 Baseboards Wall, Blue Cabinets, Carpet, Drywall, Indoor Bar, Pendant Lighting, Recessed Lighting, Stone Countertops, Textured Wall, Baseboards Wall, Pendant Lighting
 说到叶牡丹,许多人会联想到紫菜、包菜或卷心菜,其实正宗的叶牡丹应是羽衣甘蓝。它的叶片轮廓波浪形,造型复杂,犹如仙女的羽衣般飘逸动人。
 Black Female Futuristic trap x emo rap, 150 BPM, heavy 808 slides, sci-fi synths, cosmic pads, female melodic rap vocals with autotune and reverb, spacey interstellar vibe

---

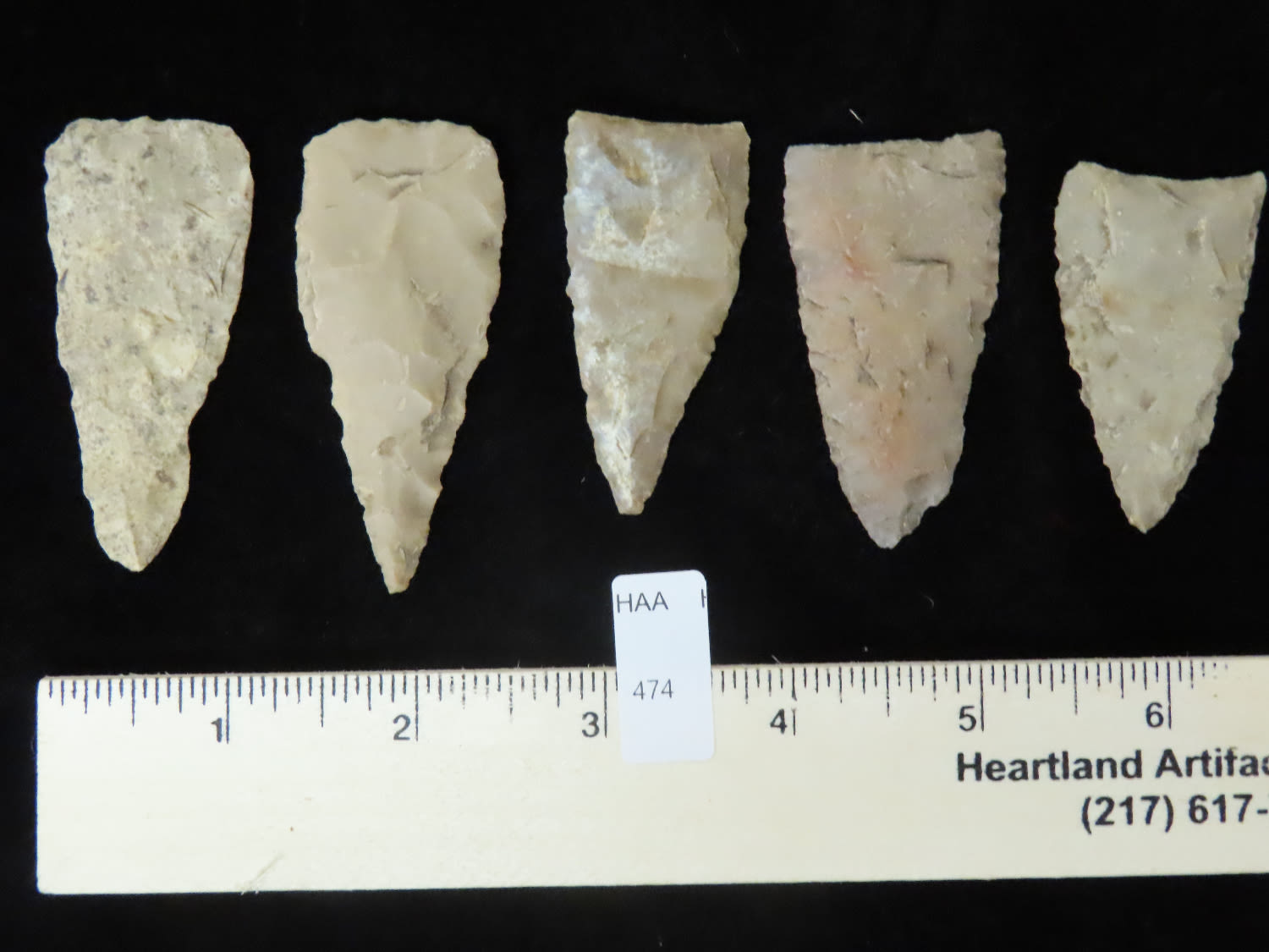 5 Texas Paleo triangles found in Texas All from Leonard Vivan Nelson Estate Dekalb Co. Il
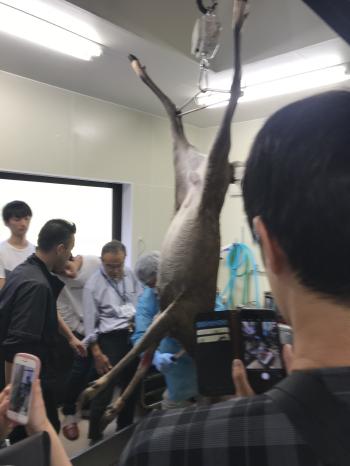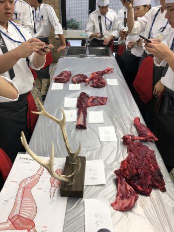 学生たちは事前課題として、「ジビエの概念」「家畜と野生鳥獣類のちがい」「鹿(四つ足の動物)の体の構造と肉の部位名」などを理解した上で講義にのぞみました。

## The task
Starting at the line above that holds "Baseboards Wall, Blue" and ending at the line that holds "Black Female Futuristic", transcribe each line exactly and include no other lines.

## Response to this task
 Baseboards Wall, Blue Cabinets, Carpet, Drywall, Indoor Bar, Pendant Lighting, Recessed Lighting, Stone Countertops, Textured Wall, Baseboards Wall, Pendant Lighting
 说到叶牡丹,许多人会联想到紫菜、包菜或卷心菜,其实正宗的叶牡丹应是羽衣甘蓝。它的叶片轮廓波浪形,造型复杂,犹如仙女的羽衣般飘逸动人。
 Black Female Futuristic trap x emo rap, 150 BPM, heavy 808 slides, sci-fi synths, cosmic pads, female melodic rap vocals with autotune and reverb, spacey interstellar vibe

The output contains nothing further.